The starter code implements the following.

  1. The one-line do-nothing hack needed to complete the Project Pregame.

  2. The write system call for file descriptor 1 (stdout).

  3. The ability to open, read, write, and close a single file per process.

  4. Argument validation for the provided system calls using the page fault handler.

  5. The implementation for malloc/calloc/realloc/free in Pintos.

Notably, the provided starter code does not provide the ability to pass arguments on the command line, exec a new process, or open multiple files. We chose to implement only the above mentioned items to minimize the amount of code you would need to look over and simplify some of the implementation (discussed below).

The following are some files you may work with throughout this assignment.

threads/palloc.c

Page allocator.

threads/vaddr.h

Helper functions for working with virtual addresses in Pintos.

userprog/process.c

Loads ELF binaries, starts processes, and switches page tables on context switch.

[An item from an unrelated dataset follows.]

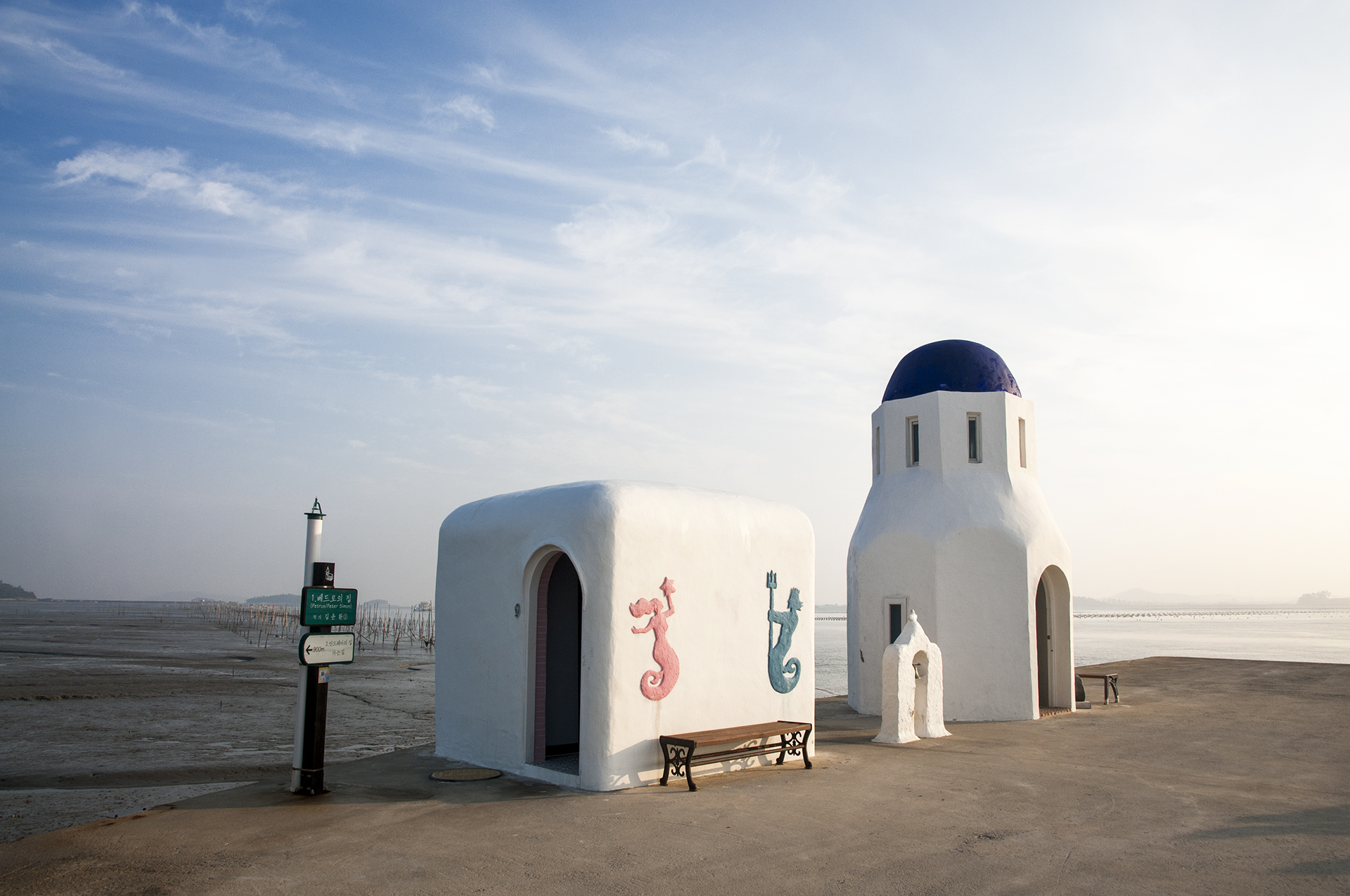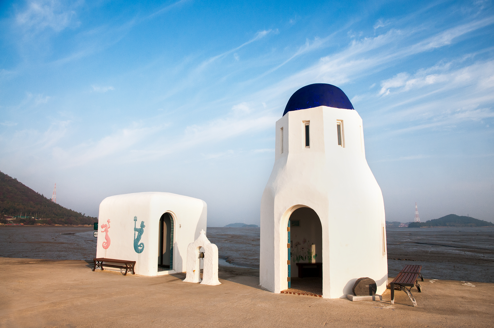 오른쪽의 둥근 예배당과 왼쪽 사각 건물은 화장실이지만 하얗게 지어져 바다와 잘 어울린다.

You should be familiar with this code based on your experience in Project User Programs.

userprog/pagedir.c

Manages the page tables. You probably won’t need to modify this code, but you may want to call some of these functions.

userprog/syscall.c

This is a basic system call handler that implements the system calls mentioned above.

lib/user/syscall.c

Provides library functions for user programs to invoke system calls from a C program. Each function uses inline assembly code to prepare the syscall arguments and invoke the system call. We do expect you to understand the calling conventions used for syscalls.

lib/user/stdlib.S

Provides library functions for the C standard library linked into Pintos user applications, namely implementing malloc, calloc, realloc, and free.

lib/syscall-nr.h

This file defines the syscall numbers for each syscall.

You should carefully read through the functions in thread/vaddr.h and userprog/pagedir.h, as many of them will be useful to you in this assignment.